Known as a safe place to talk about their sexuality and gender identity, she said about half of her patients talk to her about their sexuality and 30 percent come out to her during sessions. In talking about the roots of their disorder, many say that it stemmed from their family not accepting them, followed by trauma.
But not all places are LGBT friendly, as Megan Cuilla, who is genderqueer and uses their/they/them pronouns, discovered in their recovery process. Their anorexia began when they were 9 years old, but it wasn’t until they were 30 that they accepted it and sought treatment. At one center, therapists would walk into the room and proclaim, “hello ladies!” and refused to accept Cuilla’s pronouns as “they” and “them.”
“A lot of the time, we don’t get help because we’re worried there won’t be a safe place,” they said.

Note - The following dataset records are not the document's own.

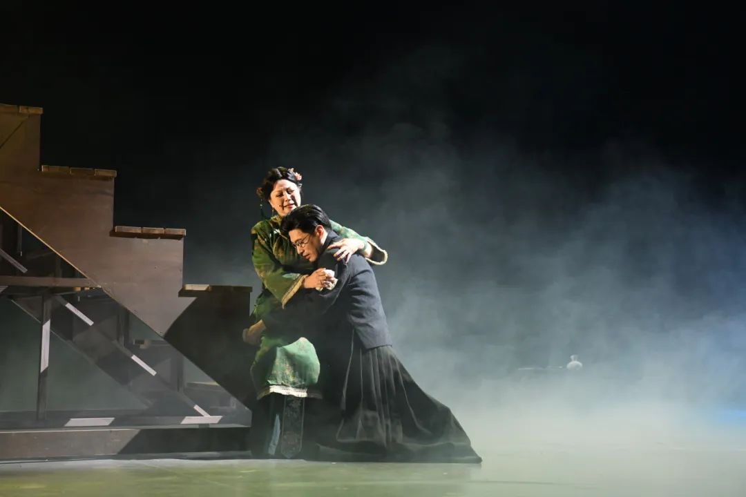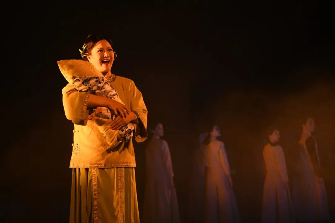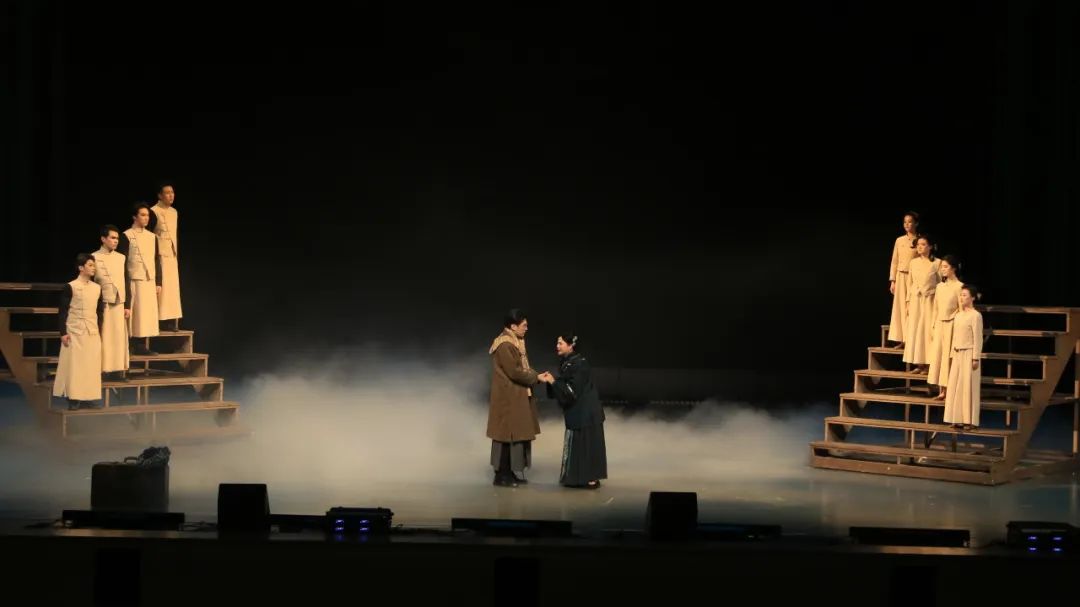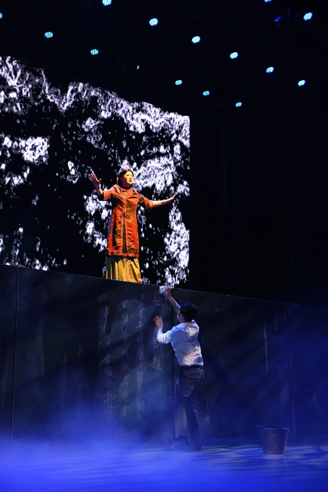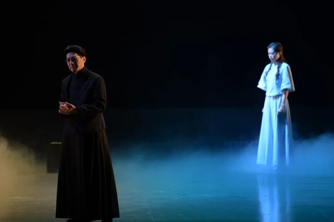 在最后一场戏中,张闻天与歌队成员在歌声与自白中融为一体,此时站在阶梯上的歌队已然化为张闻天,而此时台上的所有角色已然化成了中华民族的所有儿女们。歌队诵出“妈妈,我已经决意去接受了,我将认真地要开始做一个无私的光明的追随者了,借精神上的帮助自己变做光明,照澈这个黑暗如漆的世界”时,话剧、小说、现实、回忆全融于舞台上这一瞬,歌队位列张闻天两侧的阶梯上,张闻天位于舞台正中,歌声以及对妈妈的告别萦绕整个剧场。
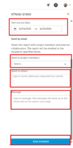 ניתן לשלוח את הדוח גם לאנשים שלא חברים בפרויקט – Send to others
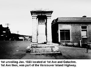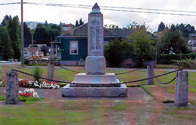 Sur le cénotaphe sont inscrits les noms de 41 soldats de la Première Guerre mondiale ayant un lien avec Ladysmith (étant nés, ayant vécu ou ayant travaillé à Ladysmith et dans le district). La liste a été dressée par le Ladysmith Chronicle et l’hôtel de ville à l’automne 1922. Les gens ont été invités à soumettre les noms des personnes qui, selon eux, devraient figurer sur le cénotaphe. Les soldats inscrits proviennent de la ville de Ladysmith de l’époque et du district environnant, qui comprenait le district original d’Oyster, Saltair et Blaineys Crossing au sud de Ladysmith, ainsi que Brentons Crossing, North Oyster, Yellow Point, une partie de Cedar, Cassidy, South Wellington et le prolongement au nord de Ladysmith. Certains des soldats décédés des régions situées au nord de Ladysmith étaient bien connus à Nanaimo, ainsi qu’à Ladysmith, et leurs noms figurent sur les deux cénotaphes. Le cénotaphe original, inauguré au début de l’année 1923, comportait 40 noms. Le nom de Thomas Day a été ajouté plus tard, ainsi que les dates de la guerre de Corée.
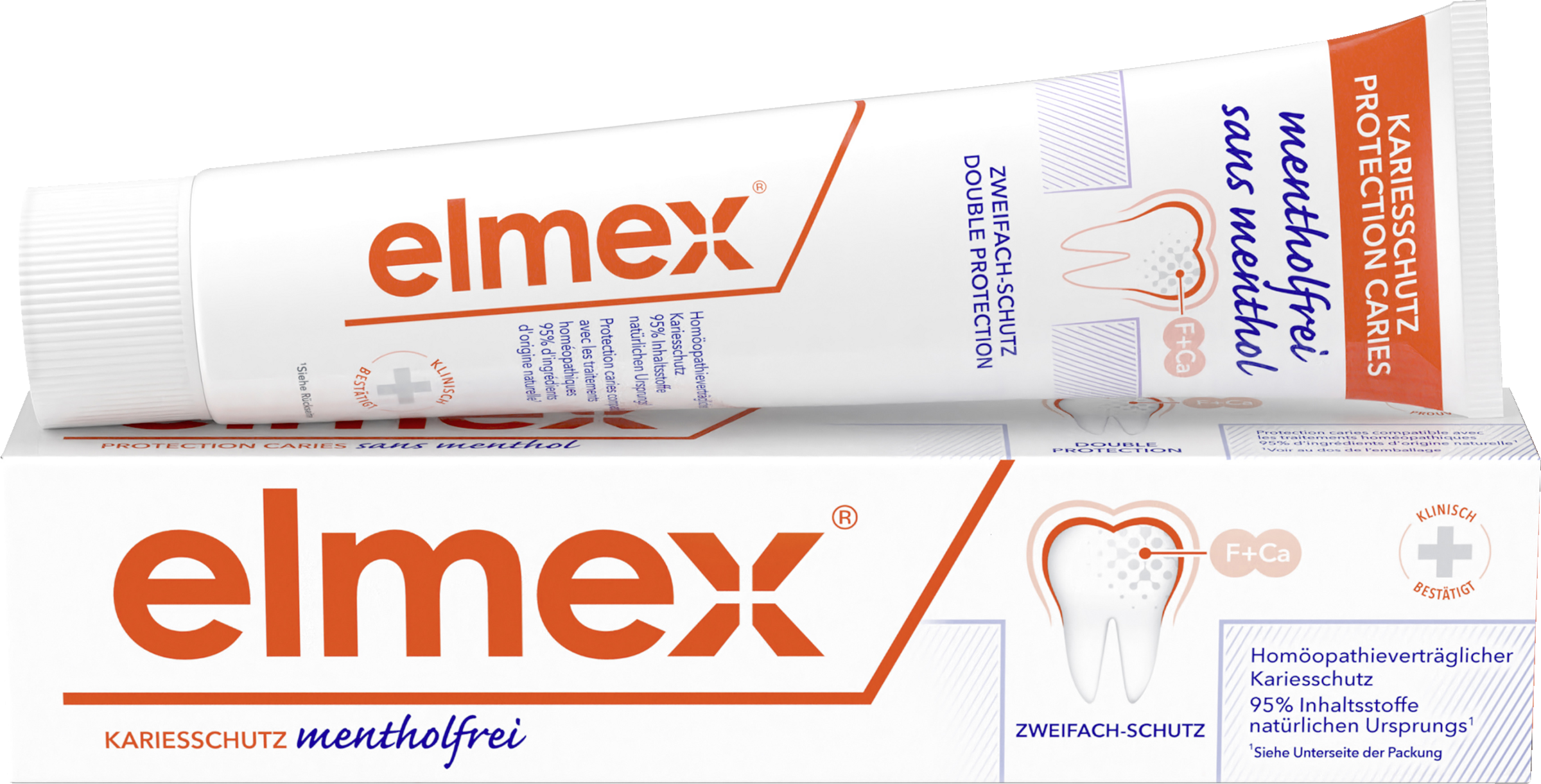 Statt der sonst üblichen Minznote von Zahnpasta bietet elmex® mentholfrei einen leicht fruchtig aromatisierten Geschmack. Sie entspricht den Anforderungen der klassischen Homöopathielehre und ist geeignet bei einer Menthol-Allergie oder Abneigung.
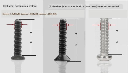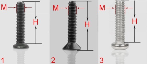 Średnicę gwintu śrub czy wkrętów zawsze mierzymy "po gwincie" czyli po zewnętrznej części gwintu. Najczęściej spotykanym błędem jest dokonywanie pomiaru średnicy samego trzpienia czyli pomiędzy gwintem. W zależności od rodzaju śrubki(1,2,3), jej długość(H) mierzymy jak na załączonym obrazku.
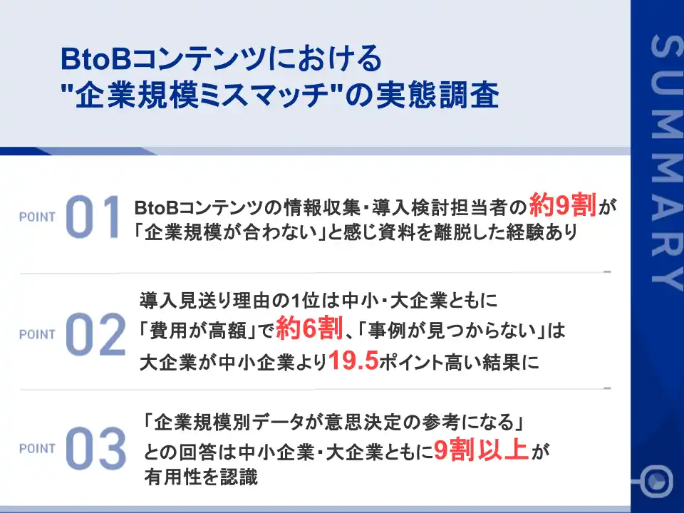 今回は、自社で利用する製品・サービスの情報収集や導入検討に携わり、製品紹介資料や導入事例等を定期的に調べている方248名を対象に、BtoBコンテンツにおける"企業規模ミスマッチ"の実態調査を実施しました。その結果、中小企業の9割以上が「企業規模が合わない」と感じ資料を途中で離脱した経験を持つことや、企業規模別データが意思決定の参考になると中小・大企業ともに9割以上が回答していることが明らかになりました。 |
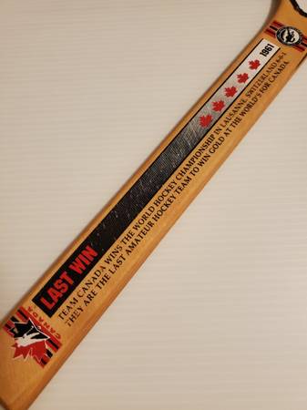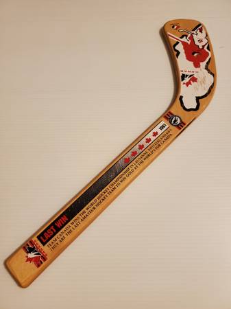 *** Team Canada Hockey Wood Mini-Stick *** From Hockey Hall of Fame in Toronto. Commemorating the 1961 World Championship in Switzerland. About 12" Long Thanks for Looking!
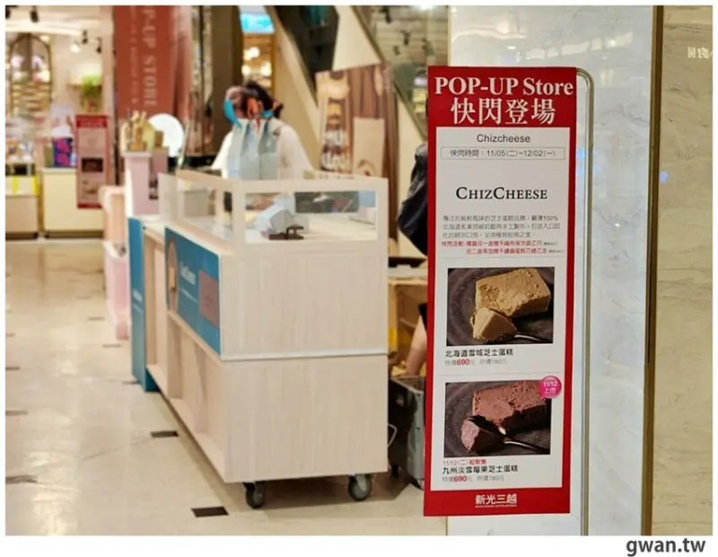 ChizCheese 第5種起司蛋糕首發快閃就在台中新光三越,快閃時間從2024/11/5~12/2為期一個月,櫃位就在B2手扶梯旁,一下來轉個彎就會看到
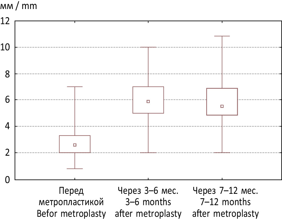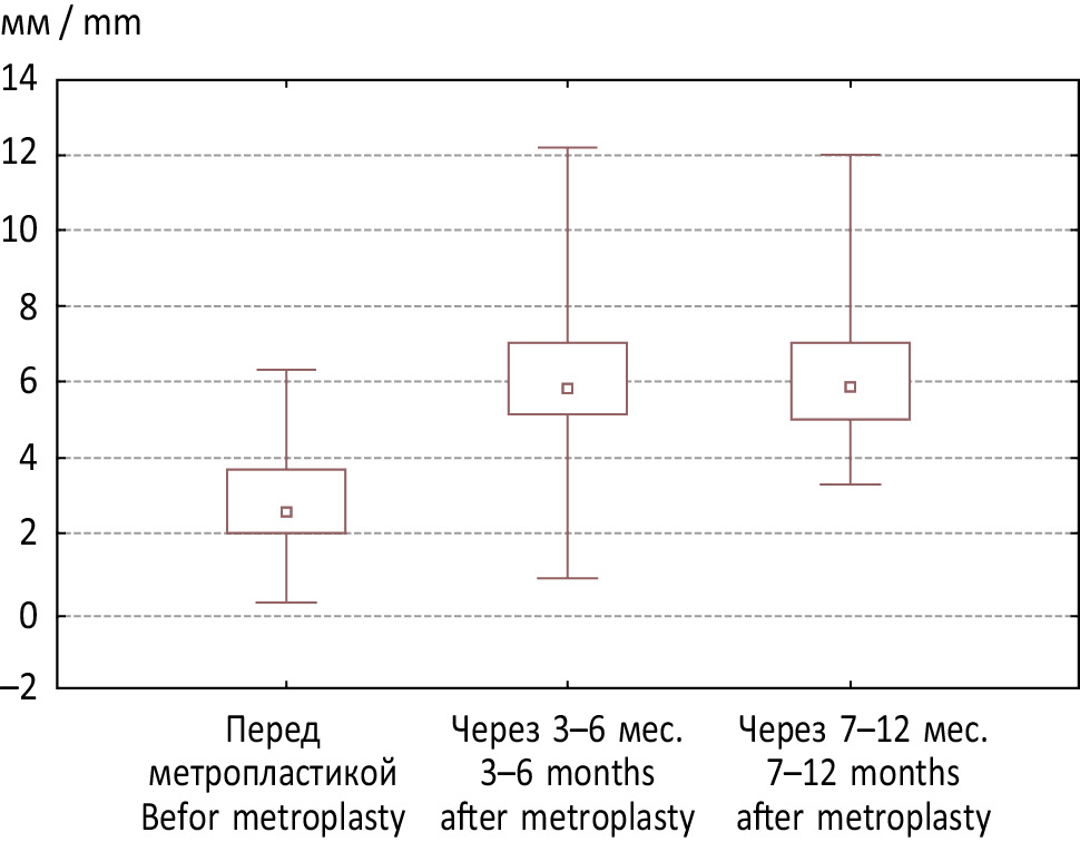 Conclusion. Metroplasty for patients with a diagnosed scar niche can significantly increase the thickness of the myometrium (p < 0.05) and reduce the frequency of complaints of such menstrual irregularities as postmenstrual vaginal bleeding, dysmenorrhea, and hypermenorrhea (p < 0.05).
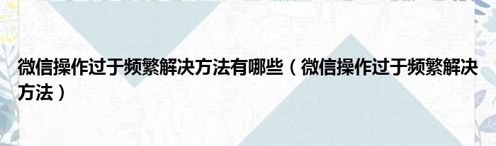 微信操作过于频繁解决方法有哪些(微信操作过于频繁解决方法)

At the Eating Recovery Center of Washington, therapists helped them identify that they were genderqueer, a huge breakthrough in recovery, as well as the roots of the disorder. At 9, Cuilla got braces and remembers the pain of eating and the restrictions placed on them. A growing fear of food, coupled with emetophobia (a fear of vomiting) they lost enough weight to scare “everybody around me.”
Still, through their teens, Cuilla was never diagnosed and would adamantly deny they had a problem if someone brought it up. Finally, in 2012, they faced the fact that they had an eating disorder and went to therapy. There, they put a name to their feelings of being genderqueer and an avoidance of looking feminine. This was difficult when Cuilla started to put weight back on.
“When I started gaining weight, my body became stereotypically feminine and I struggled with that,” they said.
Like recovery of any kind, it didn’t happen overnight for Cuilla, and they went in and out until finally they were discharged in 2016. Today, they’ve been married to their husband for 10 years and are in a “happy, healthy place in my life now.”
Cuilla’s experience of not being diagnosed for years is a common experience. Because parents are more vigilant in finding eating disorders in young girls, it is identified early, especially today, whereas young boys are brought in when it’s they’re “a step away from the hospital,” Hendley said.
This was the case for Eric Dorsa, who remembers first having issues with food when he was only 8 years old, but it wasn’t until he was 18 that he confronted his eating disorder head-on and went to a recovery center.
“I grew up in a very middle class neighborhood, though there was a lot of dysfunction in my home and I grew up in a very religious and conservative home,” he said of growing up in San Antonio. “Having a boy such as myself often didn’t go very well … [I remember] feeling very aware that I was different, that something about me didn’t fit in with the other boys in my neighborhood and school. Especially in my home.”
The second of six children — five boys, “I grew up thinking, what’s wrong with me? Why am I not like my brothers? Why am I not like these other boys?”
Dorsa came out as gay at 18, then gave up athletic and academic college scholarships to go to the Eating Recovery Center in Texas. There, he learned anorexia and bulimia was a result of him trying to control his body in a chaotic world. He would binge on food when he was alone, and when his mother became concerned, she put him on a strict diet, which led to his anorexia.
By 12, he experienced “medical consequences” and was hospitalized until he was a normal weight. At that time, he said, no one wanted to admit a boy had an eating disorder, nor was there even treatment available if it were identified. For two years, he was tube fed on and off.
During recovery, he came to terms with being gay, explored why he developed his eating disorder, and learned how to have a healthy relationship with food.
Ten years later, Dorsa said he is still in his recovery journey, but the biggest gift was “the ability to exhale and be open.” He has since gone to college and is working, as well as performs in drag and even did a TedX talk — a far cry from the young boy who wanted to hide from the world.
“It was very painful being in the eating disorder,” he said. “I felt like I was having to live a double life. I didn’t know how to live with the eating disorder and I didn’t know how to not live with the eating disorder.”